● RAW DATA
---
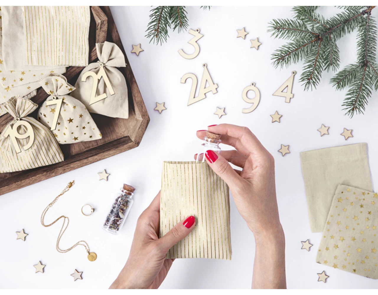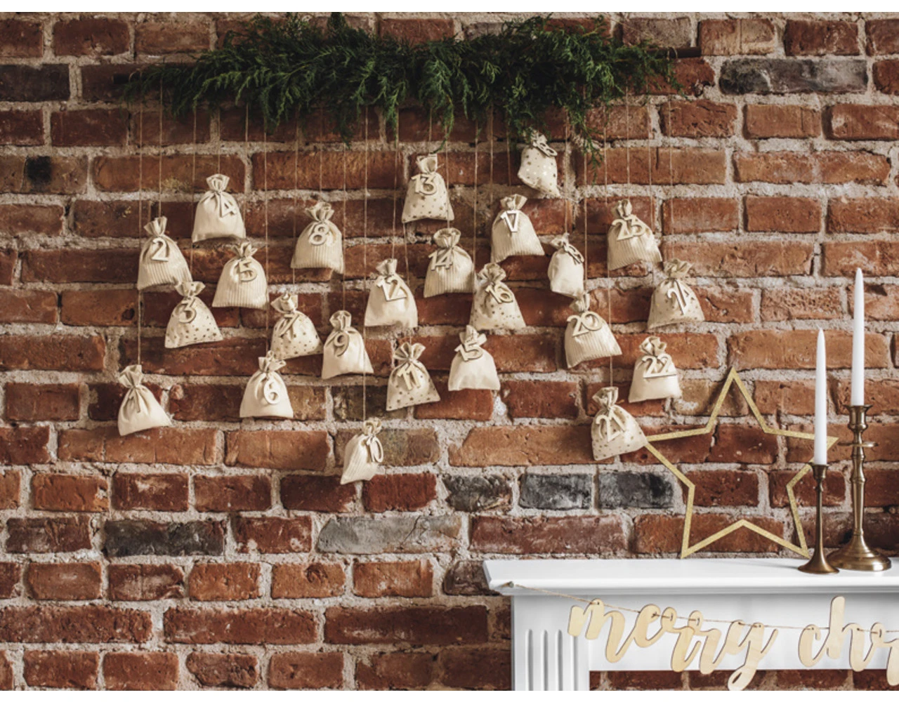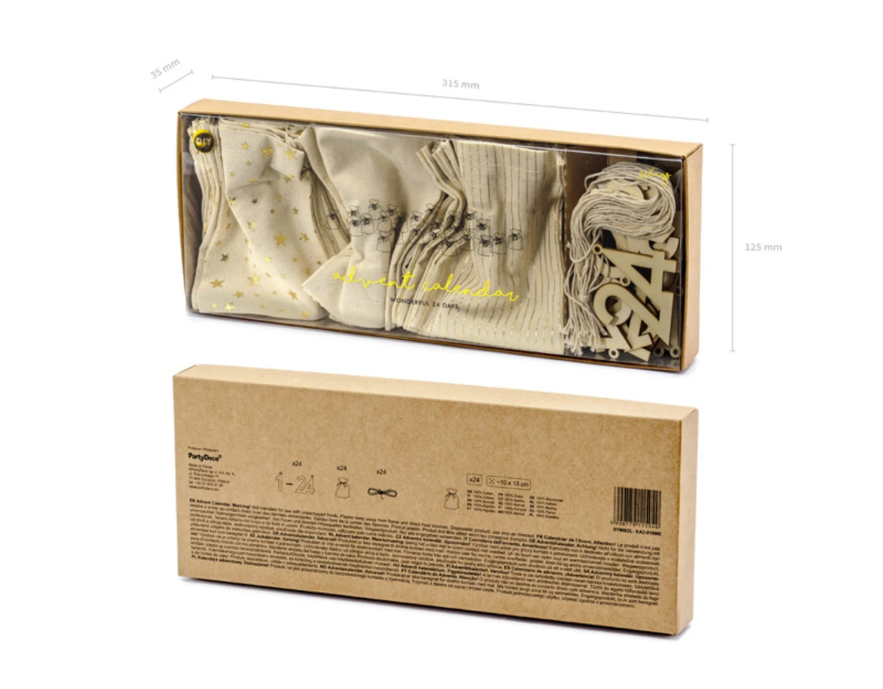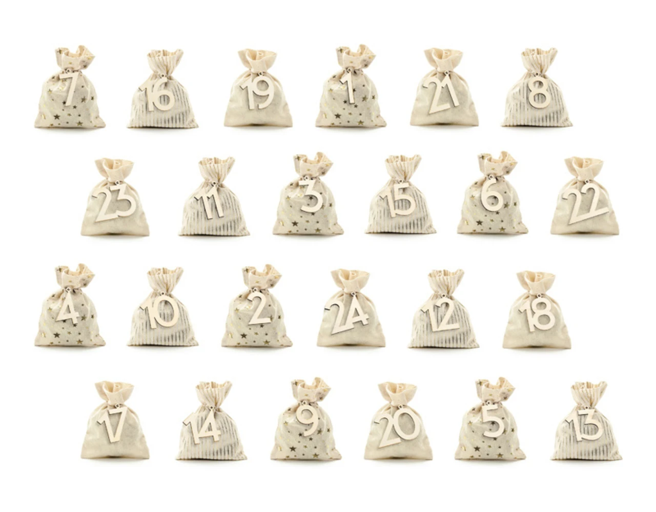 Advent kalender Zakjes, set bestaat uit: 3 designs katoenen zakjes (8 van elk design, afmeting ca. 10 x 13 cm), 24 stuks katoenen koord (lengte ca. 30 cm) en 24 stuks houten cijfers. Product voor zelfmontage.
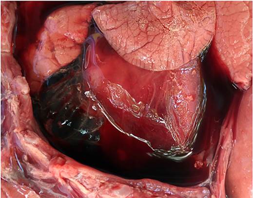 Figura 1 Caso 1, abortado por Campylobacter fetus subesp. venerealis. El epicardio está cubierto por material fibrinoso moderado a grande junto con líquido serosanguíneo
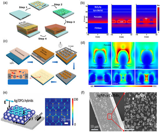 (a) Schematic of the fabrication methodology for the perovskite photodetector. (b) Absorbance density profiles of the control device, w/Au NR, and w/Au NR/PEIE Pe-PDs at λ = 680 nm, calculated from FDTD simulations [80]. Copyright © 2025 Elsevier Ltd. (c) Schematic of fabrication process. (d) Analyses of local electric field enhancement of Ag NP with different excitation wavelengths, and the influence of spacing distance under constant excitation wavelength [81]. Copyright © 2024 IEEE. (e) Ag/OPCs hybrid model for 3D FDTD simulation and simulated electric field intensity distribution of Ag/OPCs film at 410 nm (top view) [82]. Copyright © 2018 Wiley-VCH GmbH. (f) SEM image of a CsPbBr3 NW covered with physically isolated Ag NPs, along with an enlarged view of the Ag NPs [83]. Copyright © 2023 Royal Society of Chemistry.
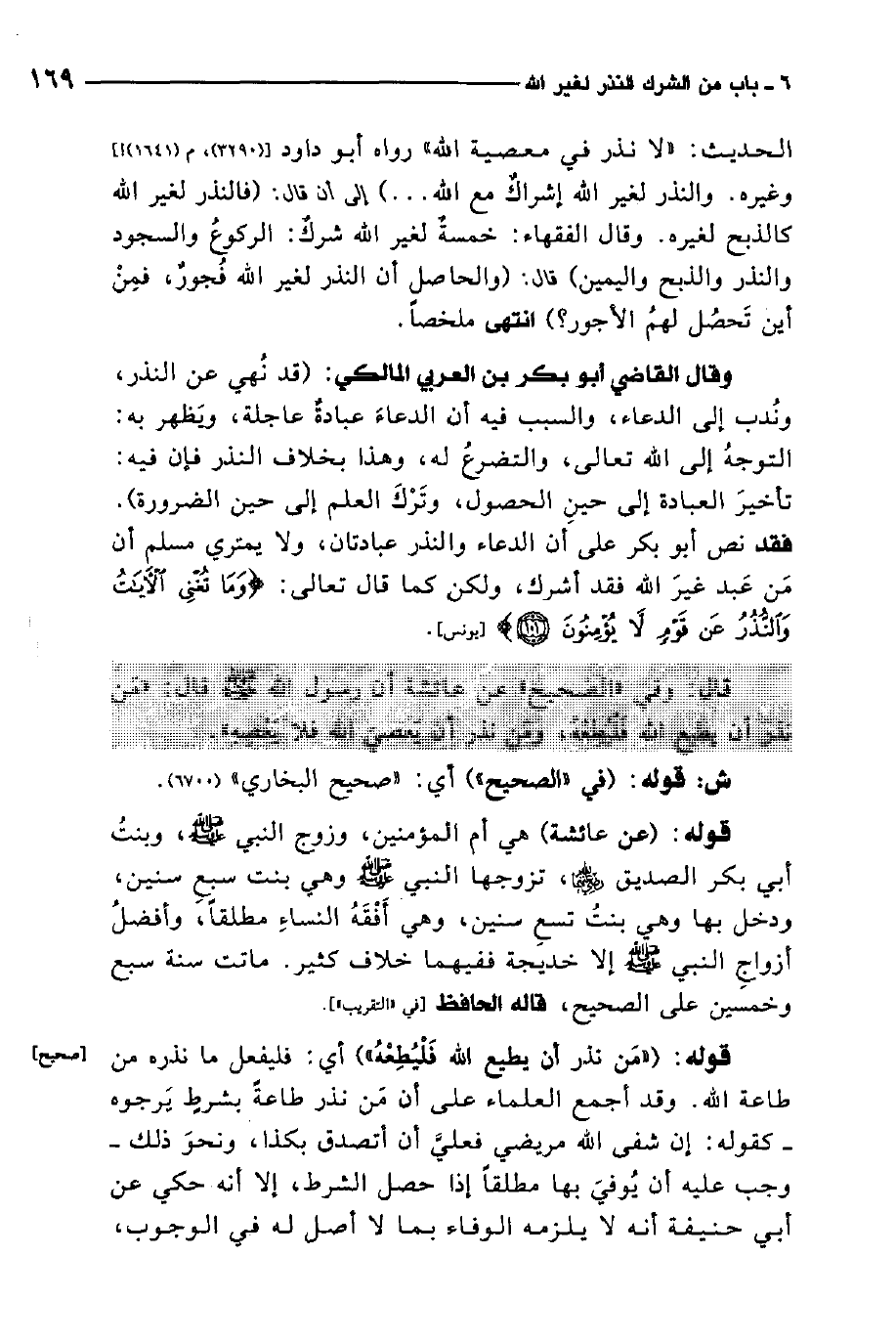 قال: وفي " الصحيح " " عن عائشة أن رسول الله صلى الله عليه وسلم قال: "من نذر أن يطيع الله فليطعه، ومن نذر أن يعصي الله فلا يعصه " 3.
---
● TASK STATEMENT
Retype the listing above exactly, please. Pictures do not belong in the copy.

● RESPONSE BELOW
 Advent kalender Zakjes, set bestaat uit: 3 designs katoenen zakjes (8 van elk design, afmeting ca. 10 x 13 cm), 24 stuks katoenen koord (lengte ca. 30 cm) en 24 stuks houten cijfers. Product voor zelfmontage.
 Figura 1 Caso 1, abortado por Campylobacter fetus subesp. venerealis. El epicardio está cubierto por material fibrinoso moderado a grande junto con líquido serosanguíneo
 (a) Schematic of the fabrication methodology for the perovskite photodetector. (b) Absorbance density profiles of the control device, w/Au NR, and w/Au NR/PEIE Pe-PDs at λ = 680 nm, calculated from FDTD simulations [80]. Copyright © 2025 Elsevier Ltd. (c) Schematic of fabrication process. (d) Analyses of local electric field enhancement of Ag NP with different excitation wavelengths, and the influence of spacing distance under constant excitation wavelength [81]. Copyright © 2024 IEEE. (e) Ag/OPCs hybrid model for 3D FDTD simulation and simulated electric field intensity distribution of Ag/OPCs film at 410 nm (top view) [82]. Copyright © 2018 Wiley-VCH GmbH. (f) SEM image of a CsPbBr3 NW covered with physically isolated Ag NPs, along with an enlarged view of the Ag NPs [83]. Copyright © 2023 Royal Society of Chemistry.
 قال: وفي " الصحيح " " عن عائشة أن رسول الله صلى الله عليه وسلم قال: "من نذر أن يطيع الله فليطعه، ومن نذر أن يعصي الله فلا يعصه " 3.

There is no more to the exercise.